Дитё не сопротивлялось: в животе у него булькало молоко, в глазах стоял туман. Стасик притих сразу же, едва Люся положила его в кроватку.
– Спи, золотце, спи, мой толстячок, – промурлыкала нянька.
Она на цыпочках покинула комнату, прислушалась. Из детской не доносилось ни звука.
– Победа! – шепотом крикнула Люся. – Свобода!
Сначала она наполнила водой ведро, бросила в него половую тряпку и установила объект прямо у входной двери. Но мыть пол Люся вовсе не собиралась. Вместо этого она отправилась на кухню.
Там труженица соорудила гигантский бутерброд, максимально использовав продуктовые резервы – искромсала батон, обильно смазала майонезом, уложила стопочкой колбасу, сыр, огурец.
– Так-с, еще пару тефтелек разогреем… Отличные, я вам скажу, тефтельки! А кто сварганил? Мисс Люся, как говорит Эдик. Кто в этой квартире вкусно готовит? На Машку не надейтесь – с ней с голоду помрешь. Угу, закипел чайничек. Прекрасненько! Чай с лимоном, сахар, раз, два, три, ай, можно и четыре ложки. Мы, как некоторые, на диетах не сидим. Мы и так стройные и красивые, некоторым мамонтам не чета. Я ничего не забыла? Ага, винца не помешает. Красное вино – наш ответ сердечно-сосудистым заболеваниям. Бокал в день – это свято. А впрочем, два – тоже неплохо…
Собрав провиант на поднос, Люсьен отправилась в гостиную к телевизору. Но прежде чем удобно устроиться в кресле, ей пришлось разобрать завал детской одежды и игрушек.
– Какой бардак! – возмутилась она. – Пока я не уберу, никто и не пошевелится! Ездят на Люсечке, как индусы на слоне! Люся то, Люся это! Зеркала протри, пол помой! Нанялась я им, что ли? Сборище тунеядцев!

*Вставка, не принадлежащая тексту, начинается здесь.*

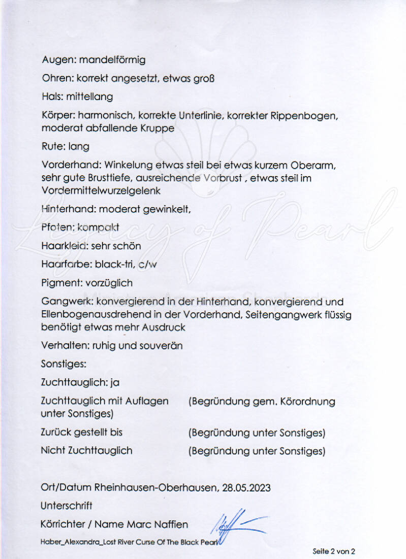 | 18.08.2024 | CACIB Ludwigshafen | Jessica Feldhoff | Offene | SG2 |

Угнездившись в конце концов в кресле, Люсьен вздохнула и принялась за еду. Аккомпанементом ее чавканью стало бразильское «мыло». Из-за приставаний Марии бедная девушка частенько пропускала серии. Но сегодня справедливость восторжествовала, и Люся смогла отдохнуть от трудов в компании бразильских актеров, огромного сандвича и бокала красного вина.
Мария уныло плелась по тротуару, не замечая солнечных зайчиков, весело прыгающих по витринам магазинов и автомобильным стеклам. Под ногами хлюпало, в воздухе пахло свежими огурцами, небо было удивительно синим. Наступление календарной весны природа добросовестно встретила по-настоящему теплым днем.
Сегодня Мария была без джипа. Она оставила любимое средство передвижения на стоянке, так как в последний месяц ее мантрой стал бесценный диетологический постулат: количество истраченных калорий должно превышать количество съеденных. По закону подлости, потреблять калории было гораздо приятнее, чем расходовать. Мария отвыкла ходить пешком. Преодолев километр, она покрылась испариной и начала задыхаться.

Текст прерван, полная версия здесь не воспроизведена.